In this paper, we investigate the computational modeling of hydrogen and pyrite reactions. The calculations are set at standard temperatures of 25C, and we explore a range of pressures relevant to underground storage. We first use density functional theory (DFT) to optimize the ground state of the reactants and reaction products. With the known ground-states, we use Quantum-mechanical (QM) methods to describe the chemical reactions and other processes, such as charge transfer. By progressively repeating the simulation runs at various pressures, we were able to develop the reaction envelop for hydrogen-pyrite interactions.

The modeling results provide a molecular picture of hydrogen-pyrite interactions. The dissociation of the hydrogen molecule in the presence of Fe atoms leads to the formation of H2-FeS2 transition state and subsequent formation of pyrrhotite along with HS- and H2S byproducts. More importantly, we can provide the reaction conditions (pressure and temperature envelope) under which the hydrogen-pyrite reactions occur. This study helps develop a fundamental understanding of hydrogen reactivity with natural geo-materials like pyrite and can therefore provide suitable conditions under which hydrogen leakage can occur because of pyrite interacting with pumped hydrogen.

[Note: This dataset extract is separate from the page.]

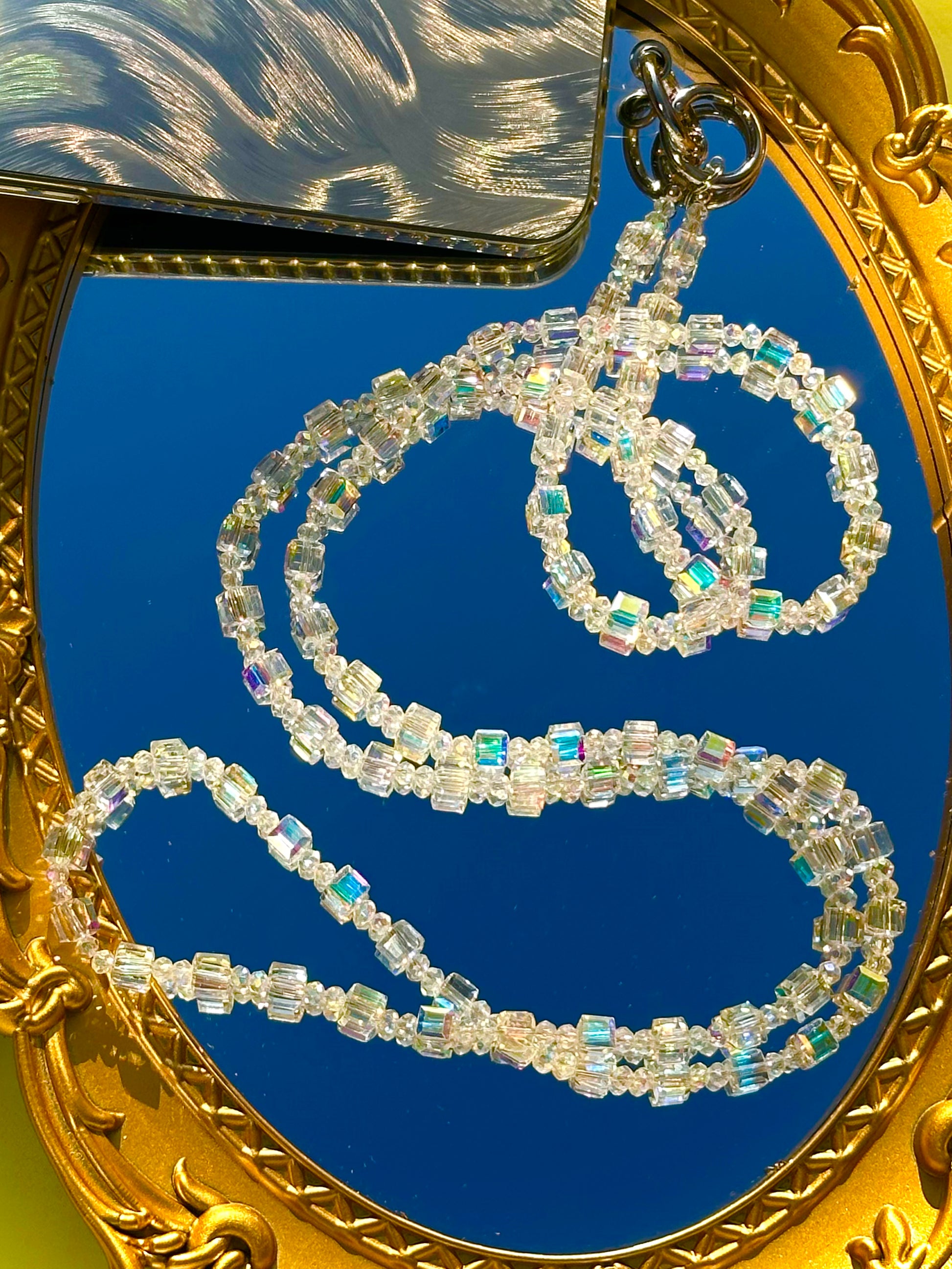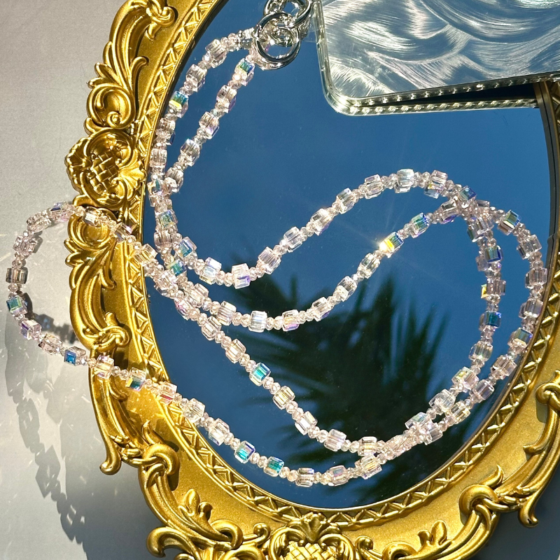 💗Crafted with shimmering iridescent crystal cube beads and silver-tone metal rings, this lanyard blends glamour with practicality. The cube-shaped crystals catch light from every angle, showcasing rainbow hues that add a playful yet chic touch to any outfit. Adjust the length (approx. 36-40 inches; custom sizing available) to wear it as a crossbody strap or shorten it for a shorter drop—ideal for shopping, commuting, or traveling.

The topic of carbon dioxide interactions in subsurface environments has garnered decades of attention, but these results cannot be directly applied to hydrogen, given its smaller diameter and high reactivity. This work provides a fundamental first-look at operational parameters (such as pressure and temperature) that govern hydrogen-pyrite reactions. The workflow described here can easily be generalized to more complex systems to provide screening criteria for geostorage target selection.